8. The fully automated operation method for a cab-less mining dump truck according to claim 7, characterized in that, In step S4, the vehicle travels in the opposite direction with a full load in the road driving area; the decision layer determines the main state as the road driving area by combining the location information and environmental information; the planning layer generates a collection path that meets the motion constraints of the driverless vehicle based on the main state of the road driving area determined by the decision layer; the control layer updates the vehicle parameters and performs tracking control based on the path and location information of the planning layer, while calculating the distance to the boundary in real time and switching the corresponding state based on the obstacle detection information.

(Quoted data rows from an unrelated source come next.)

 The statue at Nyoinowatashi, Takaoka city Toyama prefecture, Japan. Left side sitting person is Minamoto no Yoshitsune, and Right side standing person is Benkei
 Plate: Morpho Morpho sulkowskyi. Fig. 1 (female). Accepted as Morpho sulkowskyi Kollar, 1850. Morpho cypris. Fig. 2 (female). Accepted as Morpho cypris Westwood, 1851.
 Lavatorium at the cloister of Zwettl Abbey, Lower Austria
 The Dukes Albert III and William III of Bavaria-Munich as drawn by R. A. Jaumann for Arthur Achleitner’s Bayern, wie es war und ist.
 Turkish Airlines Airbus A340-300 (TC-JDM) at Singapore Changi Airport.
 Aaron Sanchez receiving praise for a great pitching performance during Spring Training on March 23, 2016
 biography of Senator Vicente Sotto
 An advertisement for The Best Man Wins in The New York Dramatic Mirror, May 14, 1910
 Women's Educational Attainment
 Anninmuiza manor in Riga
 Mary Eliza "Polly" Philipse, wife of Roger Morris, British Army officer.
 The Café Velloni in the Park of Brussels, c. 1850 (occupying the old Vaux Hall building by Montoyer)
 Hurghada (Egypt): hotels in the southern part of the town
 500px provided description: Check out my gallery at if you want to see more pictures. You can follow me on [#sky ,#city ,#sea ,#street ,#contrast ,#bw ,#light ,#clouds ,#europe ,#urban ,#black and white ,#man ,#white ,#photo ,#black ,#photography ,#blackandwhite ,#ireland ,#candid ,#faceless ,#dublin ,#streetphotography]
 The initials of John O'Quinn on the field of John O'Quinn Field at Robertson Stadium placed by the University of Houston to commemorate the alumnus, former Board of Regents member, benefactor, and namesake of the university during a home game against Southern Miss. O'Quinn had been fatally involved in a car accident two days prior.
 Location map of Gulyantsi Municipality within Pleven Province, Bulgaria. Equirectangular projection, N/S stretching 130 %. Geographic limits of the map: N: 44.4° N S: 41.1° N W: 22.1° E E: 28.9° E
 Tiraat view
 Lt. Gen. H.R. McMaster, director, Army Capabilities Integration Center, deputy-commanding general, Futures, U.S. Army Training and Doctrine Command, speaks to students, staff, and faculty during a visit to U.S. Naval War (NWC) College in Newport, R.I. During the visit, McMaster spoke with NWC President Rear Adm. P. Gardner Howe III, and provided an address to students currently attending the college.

9. A fully automated operation method for a cab-less mining dump truck according to claim 8, characterized in that, Step S5 includes the following sub-steps: S51, the decision-making level determines whether to enter the unloading pre-stop position from the road driving area. If the determination is yes, then drive in the opposite direction to enter the designated stop position; after entering the unloading area pre-stop position, determine whether it is allowed to enter the unloading point. If yes, continue to execute; otherwise, continue to wait. S52, the planning layer plans the driving route from the unloading pre-stop position to the designated unloading point based on the specified unloading point, and sends the driving route to the control layer for tracking and control to ensure the vehicle reaches the unloading point; S53, after unloading is completed, the planning layer plans the exit path from the unloading point in the forward direction and sends it to the control layer; S54, the control layer receives the planning information, and based on the location information and the planning layer path, it tracks and controls the vehicle to leave the unloading area; In the main state of the unloading zone, the S55 will directly avoid obstacles and stop when it detects an obstacle, without needing to determine whether to detour, until no more obstacles are detected, and then switch to normal driving. Additionally, if the distance between the vehicle and the road boundary is less than a safety threshold, the vehicle will attempt to avoid obstacles and stop.